Posted on 07/01/2015 4:51:34 PM PDT by SunkenCiv
While the use of ochre by early humans dates to at least 250,000 years ago in Europe and Africa, this is the first time a paint containing ochre and milk has ever been found in association with early humans in South Africa, said Paola Villa, a curator at the University of Colorado Museum of Natural History and lead study author. The milk likely was obtained by killing lactating members of the bovid family such as buffalo, eland, kudu and impala, she said...
The powdered paint mixture was found on the edge of a small stone flake in a layer of Sibudu Cave, a rock shelter in northern KwaZulu-Natal, Africa, that was occupied by anatomically modern humans in the Middle Stone Age from roughly 77,000 years ago to about 38,000 years ago, said Villa. While ochre powder production and its use are documented in a number of Middle Stone Age South African sites, there has been no evidence of the use of milk as a chemical binding agent until this discovery, she said...
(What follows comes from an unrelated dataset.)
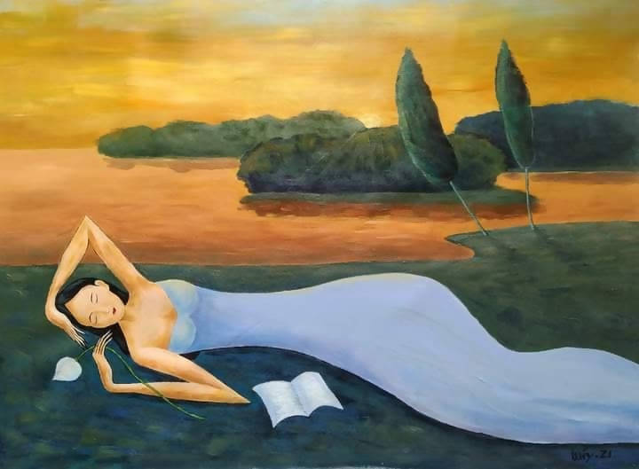 Tranh sơn dầu họa sĩ Nguyễn Quang Quý “Giấc ngủ chiều quê”

Cattle were not domesticated in South Africa until 1,000 to 2,000 years ago, said Villa...
At both African and European archaeological sites, scientists have found evidence of ochre -- a natural pigment containing iron oxide than can range from yellow and orange to red and brown - dating back 250,000 years. By 125,000 years ago, there is evidence ochre was being ground up to produce a paint powder in South Africa.
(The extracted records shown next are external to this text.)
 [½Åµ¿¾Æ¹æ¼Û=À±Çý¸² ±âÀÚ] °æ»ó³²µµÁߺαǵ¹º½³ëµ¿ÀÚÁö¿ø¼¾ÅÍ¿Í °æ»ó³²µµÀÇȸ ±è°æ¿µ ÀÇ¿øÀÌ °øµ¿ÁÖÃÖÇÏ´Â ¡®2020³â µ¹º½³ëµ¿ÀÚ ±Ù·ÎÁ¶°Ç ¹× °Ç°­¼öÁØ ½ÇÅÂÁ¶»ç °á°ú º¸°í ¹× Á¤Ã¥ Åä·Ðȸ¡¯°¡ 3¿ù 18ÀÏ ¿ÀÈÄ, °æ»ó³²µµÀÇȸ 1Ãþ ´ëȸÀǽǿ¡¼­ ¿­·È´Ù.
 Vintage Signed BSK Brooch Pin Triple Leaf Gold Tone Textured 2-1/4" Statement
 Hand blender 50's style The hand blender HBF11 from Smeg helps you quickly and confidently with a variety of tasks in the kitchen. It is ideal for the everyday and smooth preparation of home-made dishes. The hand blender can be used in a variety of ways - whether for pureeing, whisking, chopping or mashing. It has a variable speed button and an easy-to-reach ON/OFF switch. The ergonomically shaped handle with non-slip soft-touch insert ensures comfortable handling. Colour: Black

(Excerpt) Read more at eurekalert.org ...
ANOTHER invention stolen by whitey.
So they were killing these mama-animals just for their milk?
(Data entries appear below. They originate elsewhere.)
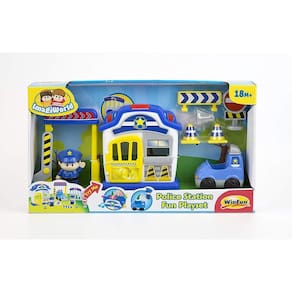 Inclui posto de polícia com porta móvel, policial, ladrão (faz de conta), cão policial, carro de policial, prisão (faz de conta), sinais e cones
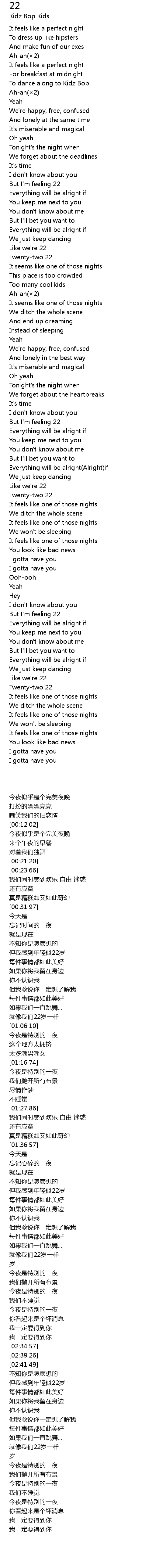 | [00:44.38] | But I' m feeling 22 |
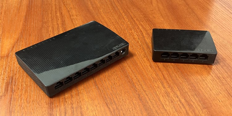Switches são dispositivos mais sofisticados que contêm várias portas de saída. Eles podem ter entre 5 e 52 portas, dependendo do dispositivo. Ao contrário dos divisores Ethernet que requerem duas portas, ele se conecta apenas a uma única porta no roteador.
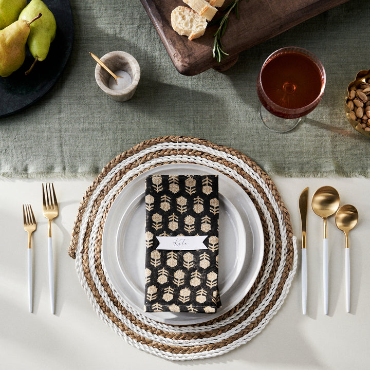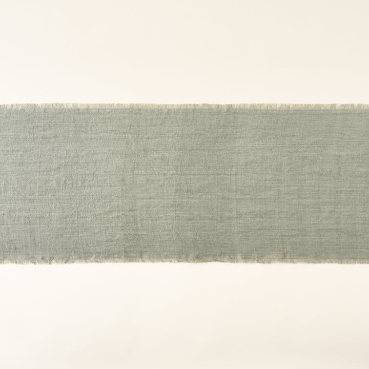 A timeless addition to any table, the Laurel Linen Table Runner effortlessly enhances tablescapes of every style, from rustic to refined. Crafted from a natural linen, this runner in a beautiful sage green hue features a delicate eyelash fringe on all sides, adding a sophisticated, bohemian texture. This simple, elegant piece provides a beautiful foundation for an artisanal display, making it a staple for both everyday dining and special occasions.

Also, What was the environmental impact of mixing milk and ochre?
PETA and the EPA had better get on this.
Thanks for posting this article.
After reading the article, I must disagree with the ‘assumption’ made in the TITLE.
Did you have that problem as well ?
You don’t get milk from dead mammals. Unless they had domesticated mammals, maybe the milk was from lactating humans.
That’s about all they’ve come up with in the past 49,000 years. Not exactly the Romans, Greeks or Egyptians here.
Don’t forget necklacing...
“Necklacing is the practice of summary execution and torture carried out by forcing a rubber tire, filled with gasoline, around a victim’s chest and arms, and setting it on fire. The victim may take up to 20 minutes to die, suffering severe burns in the process.”
...The practice appears to have begun in the Cape area of South Africa in the mid-1980s.”
https://en.wikipedia.org/wiki/Necklacing
Africa has many, many wonderful inventions...
You do NOT want to see the images that come up on a Yahoo search for “necklacing”. Unreal, and sickening, to say the least.
I already have.
So, they found 49,000 year old graffiti?